PROVIDED ENTRIES below:

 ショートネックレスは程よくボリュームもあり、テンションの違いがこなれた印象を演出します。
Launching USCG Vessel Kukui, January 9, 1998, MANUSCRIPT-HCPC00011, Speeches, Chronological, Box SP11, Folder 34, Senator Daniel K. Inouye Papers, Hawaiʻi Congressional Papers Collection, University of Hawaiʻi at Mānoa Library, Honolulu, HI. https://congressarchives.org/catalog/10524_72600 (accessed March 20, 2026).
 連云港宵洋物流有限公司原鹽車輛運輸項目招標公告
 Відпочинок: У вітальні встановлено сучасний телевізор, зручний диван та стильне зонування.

End of PROVIDED ENTRIES.
PROVIDED ENTRIES below:

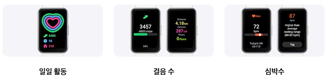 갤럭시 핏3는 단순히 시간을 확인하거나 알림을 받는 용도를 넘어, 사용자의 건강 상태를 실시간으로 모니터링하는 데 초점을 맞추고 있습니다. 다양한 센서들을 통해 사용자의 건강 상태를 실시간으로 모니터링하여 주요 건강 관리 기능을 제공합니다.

End of PROVIDED ENTRIES.

AIM OF THE EXERCISE – Among the entries above, locate the lines containing "連云港宵洋物流有限公司原鹽車輛運輸項目招標公告" and "Відпочинок: У вітальні", and transcribe exactly those two lines and all lines between.

REPLY –
 連云港宵洋物流有限公司原鹽車輛運輸項目招標公告
 Відпочинок: У вітальні встановлено сучасний телевізор, зручний диван та стильне зонування.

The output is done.